▶

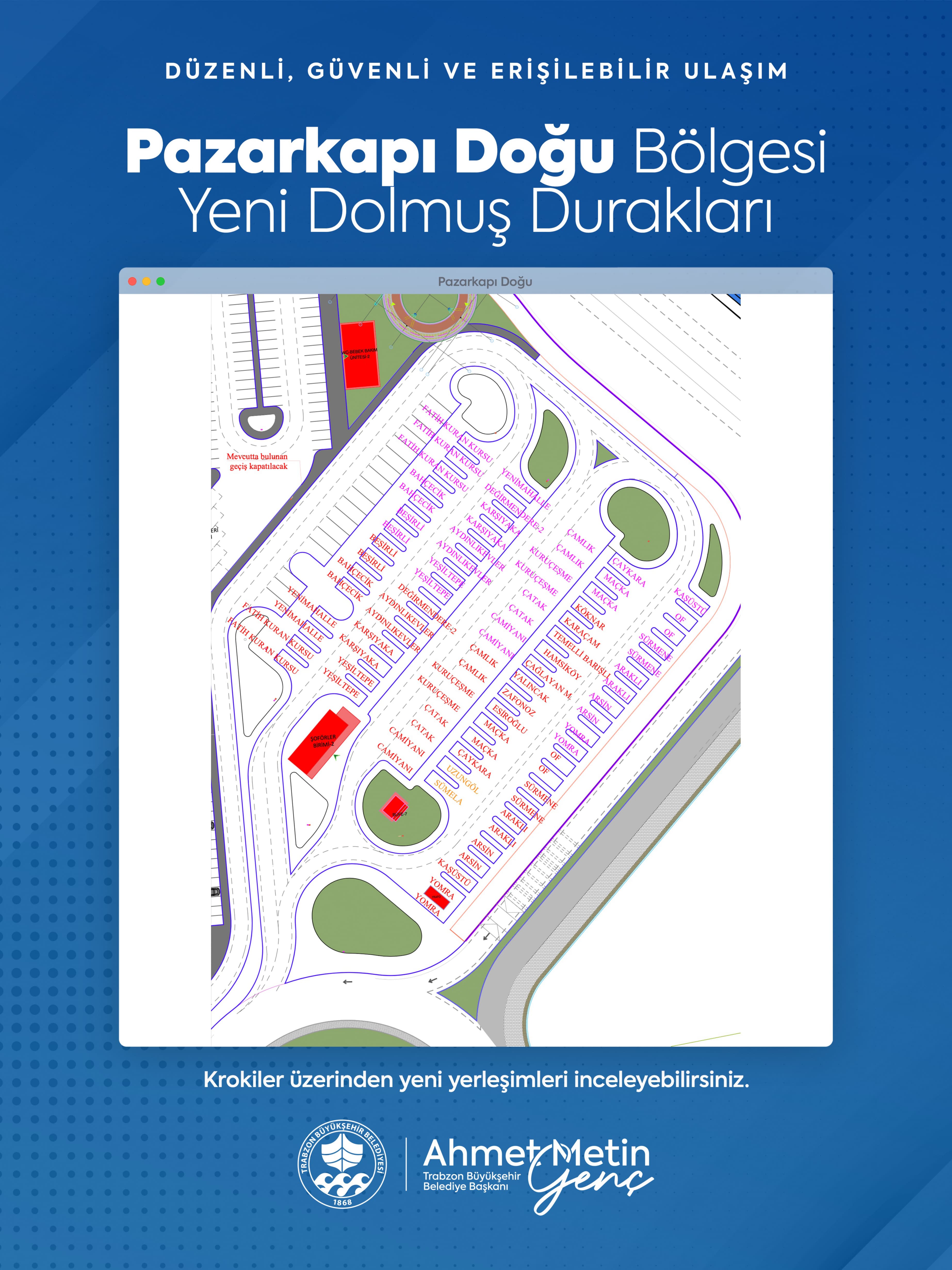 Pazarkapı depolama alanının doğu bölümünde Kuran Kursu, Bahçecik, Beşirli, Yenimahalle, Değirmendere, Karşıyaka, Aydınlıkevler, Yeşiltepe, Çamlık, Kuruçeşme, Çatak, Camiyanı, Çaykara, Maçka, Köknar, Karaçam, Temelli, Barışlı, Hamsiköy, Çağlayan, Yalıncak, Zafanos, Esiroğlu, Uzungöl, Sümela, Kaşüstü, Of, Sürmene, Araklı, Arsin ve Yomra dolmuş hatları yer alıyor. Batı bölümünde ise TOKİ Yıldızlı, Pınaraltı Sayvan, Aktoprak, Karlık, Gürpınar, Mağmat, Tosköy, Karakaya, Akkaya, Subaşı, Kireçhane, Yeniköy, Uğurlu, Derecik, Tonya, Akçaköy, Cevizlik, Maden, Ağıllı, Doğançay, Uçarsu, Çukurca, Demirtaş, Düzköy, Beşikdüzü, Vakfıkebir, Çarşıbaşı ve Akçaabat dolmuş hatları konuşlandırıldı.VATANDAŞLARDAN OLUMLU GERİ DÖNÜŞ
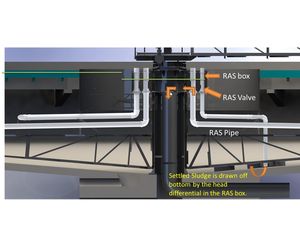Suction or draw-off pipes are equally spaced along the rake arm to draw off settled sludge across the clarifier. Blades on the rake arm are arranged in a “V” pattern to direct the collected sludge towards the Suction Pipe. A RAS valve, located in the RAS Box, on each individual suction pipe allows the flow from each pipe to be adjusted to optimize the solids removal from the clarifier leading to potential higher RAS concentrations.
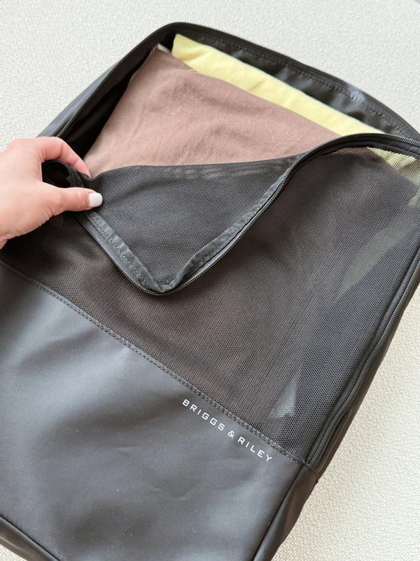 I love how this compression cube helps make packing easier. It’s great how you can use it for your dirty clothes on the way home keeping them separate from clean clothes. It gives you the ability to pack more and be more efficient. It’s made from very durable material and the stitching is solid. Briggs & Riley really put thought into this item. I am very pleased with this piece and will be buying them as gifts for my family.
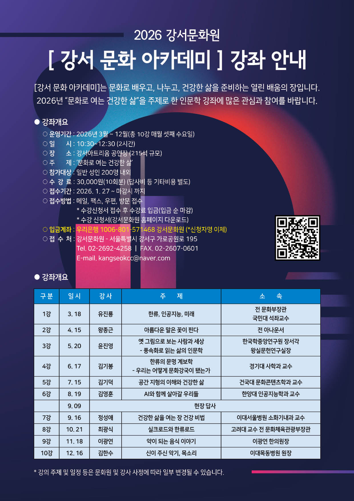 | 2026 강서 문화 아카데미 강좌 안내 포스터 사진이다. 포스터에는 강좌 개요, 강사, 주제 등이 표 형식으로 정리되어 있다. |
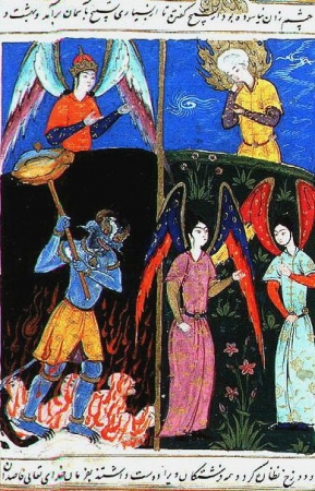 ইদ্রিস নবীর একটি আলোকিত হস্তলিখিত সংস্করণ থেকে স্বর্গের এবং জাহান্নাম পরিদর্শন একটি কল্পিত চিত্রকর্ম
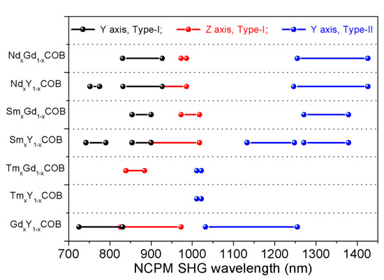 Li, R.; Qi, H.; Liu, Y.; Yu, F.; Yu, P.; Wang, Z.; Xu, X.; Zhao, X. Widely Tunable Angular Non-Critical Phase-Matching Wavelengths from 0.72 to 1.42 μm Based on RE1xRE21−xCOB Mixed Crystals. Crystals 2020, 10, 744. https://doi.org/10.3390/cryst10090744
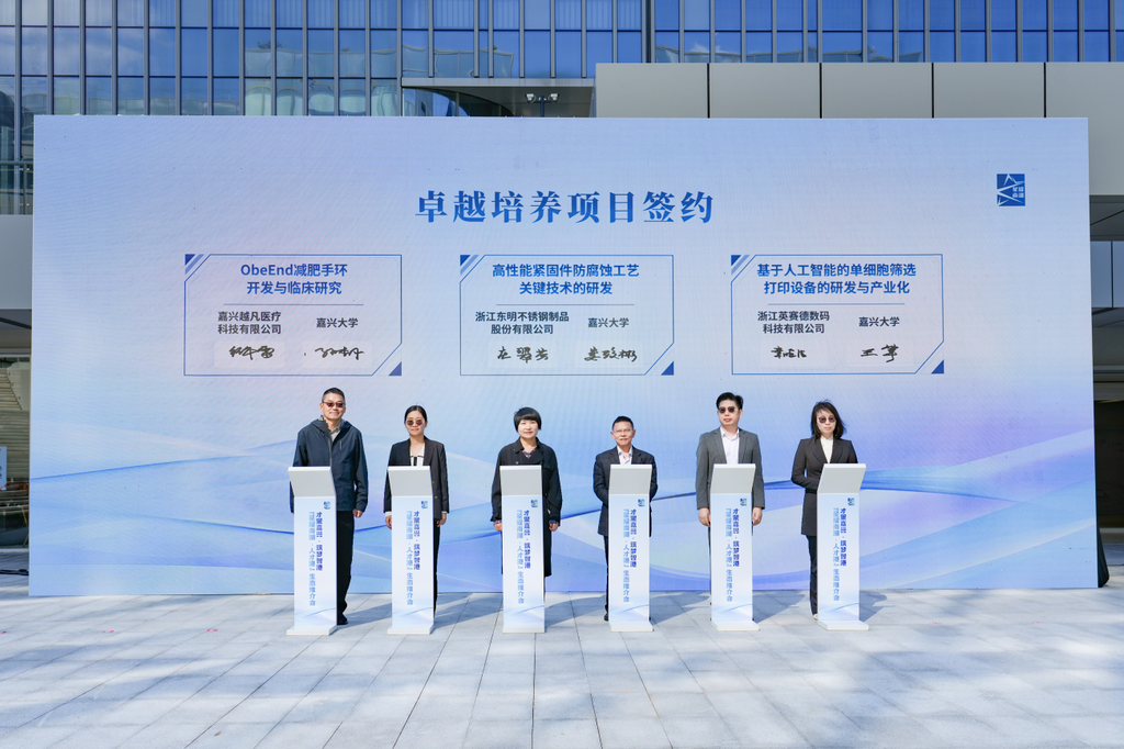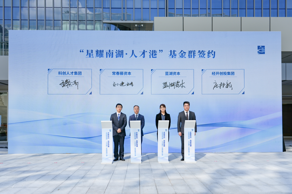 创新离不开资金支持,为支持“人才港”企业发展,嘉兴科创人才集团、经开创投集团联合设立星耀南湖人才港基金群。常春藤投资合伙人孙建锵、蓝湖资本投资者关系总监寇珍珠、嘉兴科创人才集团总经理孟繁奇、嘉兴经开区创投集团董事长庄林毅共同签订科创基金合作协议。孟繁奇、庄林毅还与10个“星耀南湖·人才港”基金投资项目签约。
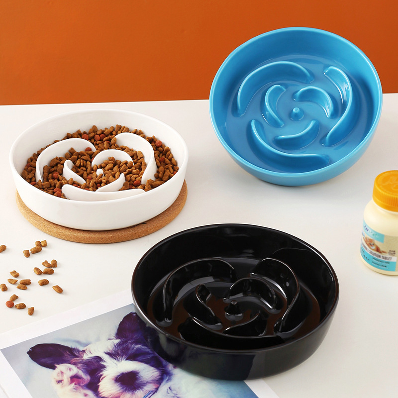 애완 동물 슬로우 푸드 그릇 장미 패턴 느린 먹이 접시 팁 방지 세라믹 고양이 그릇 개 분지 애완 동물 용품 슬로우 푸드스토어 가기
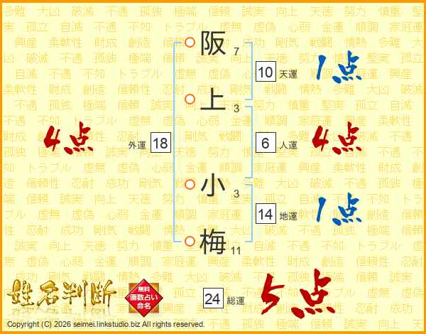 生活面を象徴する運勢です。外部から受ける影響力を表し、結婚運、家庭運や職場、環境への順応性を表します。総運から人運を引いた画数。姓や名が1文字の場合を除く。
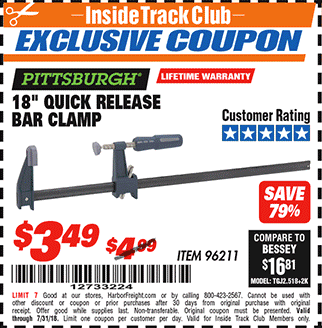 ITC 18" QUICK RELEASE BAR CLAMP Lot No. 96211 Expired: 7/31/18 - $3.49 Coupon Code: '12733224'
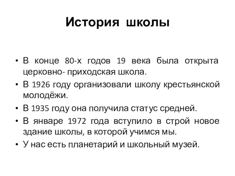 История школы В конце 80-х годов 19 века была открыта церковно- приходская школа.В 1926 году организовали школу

◀

_Problem description:_ From the first line to the last, reproduce the listing above exactly, leaving the pictures out.

_Worked solution:_
 Pazarkapı depolama alanının doğu bölümünde Kuran Kursu, Bahçecik, Beşirli, Yenimahalle, Değirmendere, Karşıyaka, Aydınlıkevler, Yeşiltepe, Çamlık, Kuruçeşme, Çatak, Camiyanı, Çaykara, Maçka, Köknar, Karaçam, Temelli, Barışlı, Hamsiköy, Çağlayan, Yalıncak, Zafanos, Esiroğlu, Uzungöl, Sümela, Kaşüstü, Of, Sürmene, Araklı, Arsin ve Yomra dolmuş hatları yer alıyor. Batı bölümünde ise TOKİ Yıldızlı, Pınaraltı Sayvan, Aktoprak, Karlık, Gürpınar, Mağmat, Tosköy, Karakaya, Akkaya, Subaşı, Kireçhane, Yeniköy, Uğurlu, Derecik, Tonya, Akçaköy, Cevizlik, Maden, Ağıllı, Doğançay, Uçarsu, Çukurca, Demirtaş, Düzköy, Beşikdüzü, Vakfıkebir, Çarşıbaşı ve Akçaabat dolmuş hatları konuşlandırıldı.VATANDAŞLARDAN OLUMLU GERİ DÖNÜŞ
Suction or draw-off pipes are equally spaced along the rake arm to draw off settled sludge across the clarifier. Blades on the rake arm are arranged in a “V” pattern to direct the collected sludge towards the Suction Pipe. A RAS valve, located in the RAS Box, on each individual suction pipe allows the flow from each pipe to be adjusted to optimize the solids removal from the clarifier leading to potential higher RAS concentrations.
 I love how this compression cube helps make packing easier. It’s great how you can use it for your dirty clothes on the way home keeping them separate from clean clothes. It gives you the ability to pack more and be more efficient. It’s made from very durable material and the stitching is solid. Briggs & Riley really put thought into this item. I am very pleased with this piece and will be buying them as gifts for my family.
 | 2026 강서 문화 아카데미 강좌 안내 포스터 사진이다. 포스터에는 강좌 개요, 강사, 주제 등이 표 형식으로 정리되어 있다. |
 ইদ্রিস নবীর একটি আলোকিত হস্তলিখিত সংস্করণ থেকে স্বর্গের এবং জাহান্নাম পরিদর্শন একটি কল্পিত চিত্রকর্ম
 Li, R.; Qi, H.; Liu, Y.; Yu, F.; Yu, P.; Wang, Z.; Xu, X.; Zhao, X. Widely Tunable Angular Non-Critical Phase-Matching Wavelengths from 0.72 to 1.42 μm Based on RE1xRE21−xCOB Mixed Crystals. Crystals 2020, 10, 744. https://doi.org/10.3390/cryst10090744
 创新离不开资金支持,为支持“人才港”企业发展,嘉兴科创人才集团、经开创投集团联合设立星耀南湖人才港基金群。常春藤投资合伙人孙建锵、蓝湖资本投资者关系总监寇珍珠、嘉兴科创人才集团总经理孟繁奇、嘉兴经开区创投集团董事长庄林毅共同签订科创基金合作协议。孟繁奇、庄林毅还与10个“星耀南湖·人才港”基金投资项目签约。
 애완 동물 슬로우 푸드 그릇 장미 패턴 느린 먹이 접시 팁 방지 세라믹 고양이 그릇 개 분지 애완 동물 용품 슬로우 푸드스토어 가기
 生活面を象徴する運勢です。外部から受ける影響力を表し、結婚運、家庭運や職場、環境への順応性を表します。総運から人運を引いた画数。姓や名が1文字の場合を除く。
 ITC 18" QUICK RELEASE BAR CLAMP Lot No. 96211 Expired: 7/31/18 - $3.49 Coupon Code: '12733224'
 История школы В конце 80-х годов 19 века была открыта церковно- приходская школа.В 1926 году организовали школу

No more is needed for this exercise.